Paper
26 January 2017 Improved clinical diffusion MRI reliability using a tensor distribution function compared to a single tensor
Dmitry Y. Isaev, Talia M. Nir, Neda Jahanshad, Julio E. Villalon-Reina, Liang Zhan, Alex D. Leow, Paul M. Thompson
Author Affiliations +
Proceedings Volume 10160, 12th International Symposium on Medical Information Processing and Analysis; 101601K (2017) https://doi.org/10.1117/12.2257281
Event: 12th International Symposium on Medical Information Processing and Analysis, 2016, Tandil, Argentina
Abstract
Fractional anisotropy derived from the single-tensor model (FADTI) in diffusion MRI (dMRI) is the most widely used metric to characterize white matter (WM) micro-architecture in disease, despite known limitations in regions with extensive fiber crossing. Models such as the tensor distribution function (TDF), which represents the diffusion profile as a probabilistic mixture of tensors, have been proposed to reconstruct multiple underlying fibers. Although complex HARDI acquisition protocols are rare in clinical studies, the TDF and TDF-derived scalar FA metric (FATDF) have been shown to be advantageous even for data with modest angular resolution. However, further evaluation and validation of the metric are necessary. Here we compared the test-retest reliability of FATDF and FADTI in clinical quality data by computing the intra-class correlation (ICC) between dMRI scans collected 3 months apart.
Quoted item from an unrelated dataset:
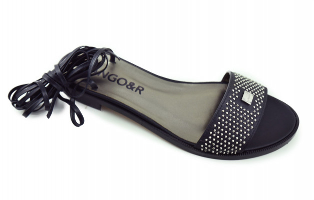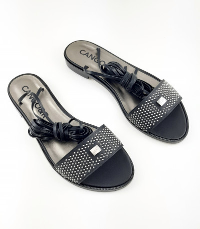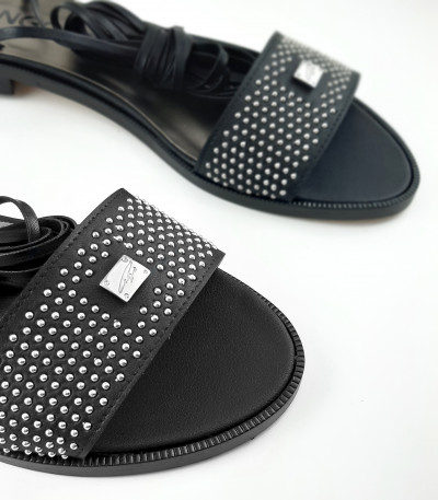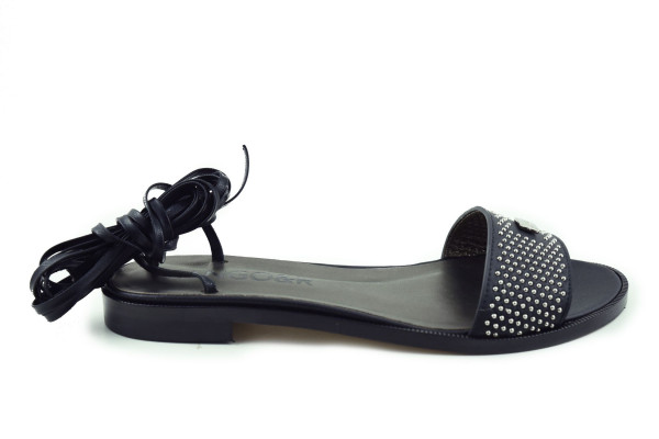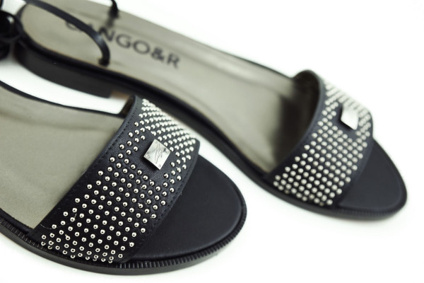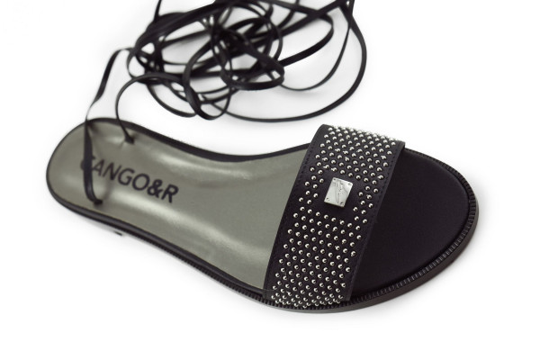 Cango&Rinaldi kézi készítésű fekete színű nappabőr szandál bőr talppal; nikkel színű szegecsekkel kirakott széles pánttal; a bokán több soron körbetekerhető keskeny pánttal, ami szabadon alakítható, egy éles ollóval ~45°-os szögben elvágva rövidebbre vehető; Cango gravírozással ellátott fém táblával, mely jelöli a brand eredetiségét és minőségét!

When FATDF and FADTI were calculated at various angular resolutions, FATDF ICC in both the corpus callosum and in a full axial slice were consistently more stable across scans, as compared to FADTI.
© (2017) COPYRIGHT Society of Photo-Optical Instrumentation Engineers (SPIE). Downloading of the abstract is permitted for personal use only.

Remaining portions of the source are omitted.